With pictures left out, write out exactly every line from the start of the data through the one that contains "Racktours IVECO Irisbus".

Dataset content:
=-=-=
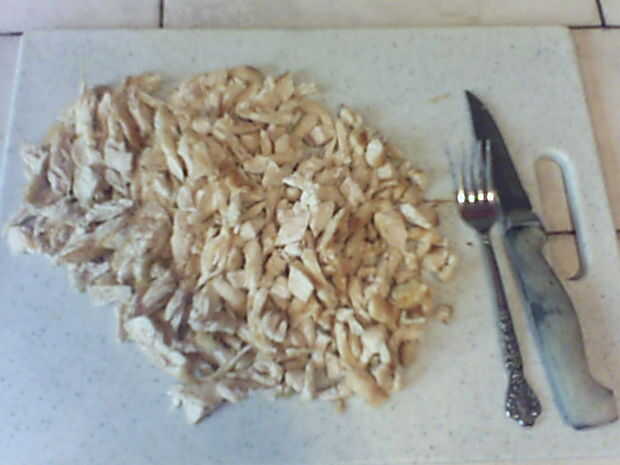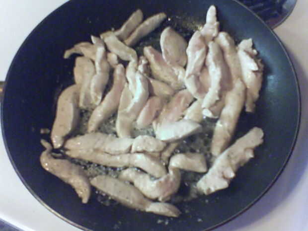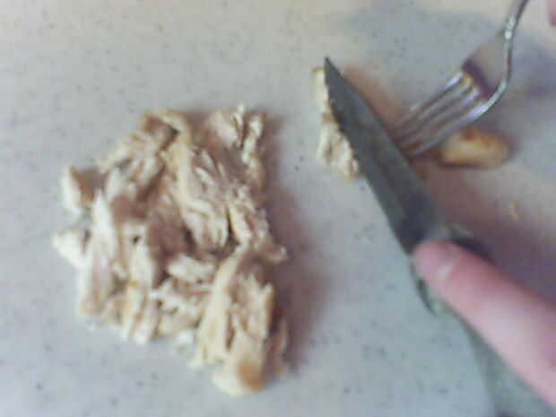 Cocinar el pollo las tiras en medio alto por unos 20 minutos o hasta que ligeramente doradas. Si usando una pechuga entera de pollo se necesita ya cocinar el centro. Entonces después de haber tomado el pollo del fuego durante unos minutos enfriar, usar un tenedor y cuchillo para desmenuzar el pollo en trozos pequeños.
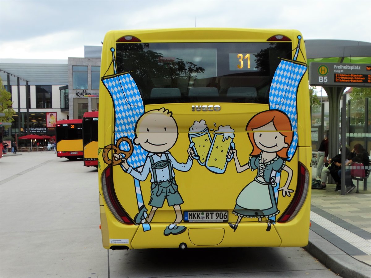 Racktours IVECO Irisbus Crossway mit neuer Beklebung am 06.09.17 in Hanau Freiheitsplatz.
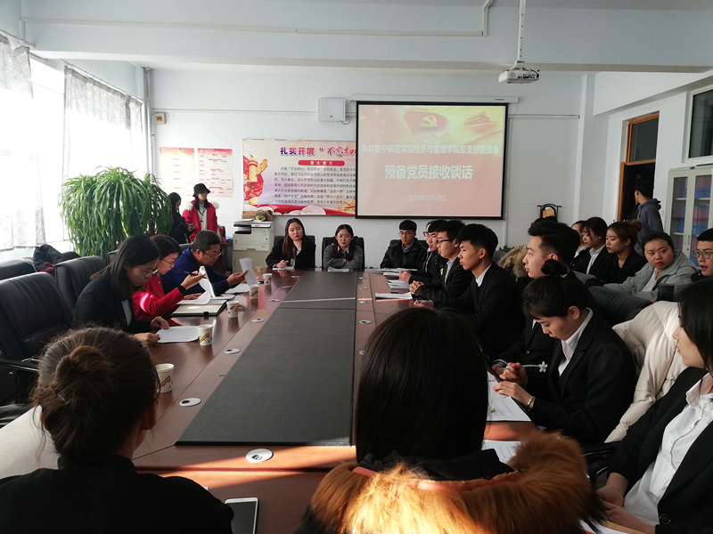 12月29日上午,beat365在线唯一官网党委委员、统战部部长张秀文与经济与管理学院学院26名新发展党员进行谈话。经济与管理学院党总支书记闫闳、学工支部书记邢彩霞参加了谈话。
=-=-=
Result:
 Cocinar el pollo las tiras en medio alto por unos 20 minutos o hasta que ligeramente doradas. Si usando una pechuga entera de pollo se necesita ya cocinar el centro. Entonces después de haber tomado el pollo del fuego durante unos minutos enfriar, usar un tenedor y cuchillo para desmenuzar el pollo en trozos pequeños.
 Racktours IVECO Irisbus Crossway mit neuer Beklebung am 06.09.17 in Hanau Freiheitsplatz.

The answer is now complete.